◆ **TASK**: Print, please, exactly the lines from the one with "职业课程没有更新以适应工业进步,学校缺乏制定课程的能力。" through the final line of the data below, with both ends included and the pictures left out.

◆ **COLLECTED MATERIAL**:
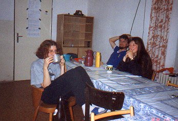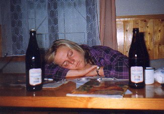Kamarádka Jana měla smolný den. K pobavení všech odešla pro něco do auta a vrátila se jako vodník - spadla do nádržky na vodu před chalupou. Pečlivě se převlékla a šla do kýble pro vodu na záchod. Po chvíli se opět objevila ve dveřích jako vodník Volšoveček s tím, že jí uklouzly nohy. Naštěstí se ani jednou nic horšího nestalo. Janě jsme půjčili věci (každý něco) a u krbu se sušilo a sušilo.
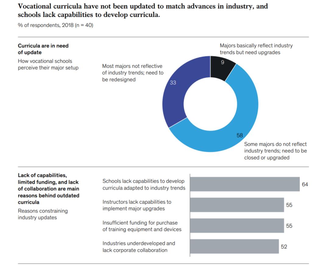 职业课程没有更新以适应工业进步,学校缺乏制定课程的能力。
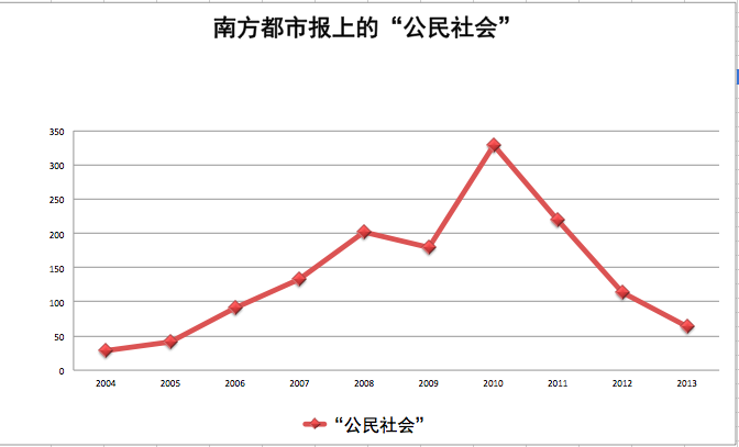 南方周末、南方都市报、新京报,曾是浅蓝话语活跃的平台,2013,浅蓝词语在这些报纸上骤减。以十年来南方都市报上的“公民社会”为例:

◆ **WORKED SOLUTION**:
 职业课程没有更新以适应工业进步,学校缺乏制定课程的能力。
 南方周末、南方都市报、新京报,曾是浅蓝话语活跃的平台,2013,浅蓝词语在这些报纸上骤减。以十年来南方都市报上的“公民社会”为例:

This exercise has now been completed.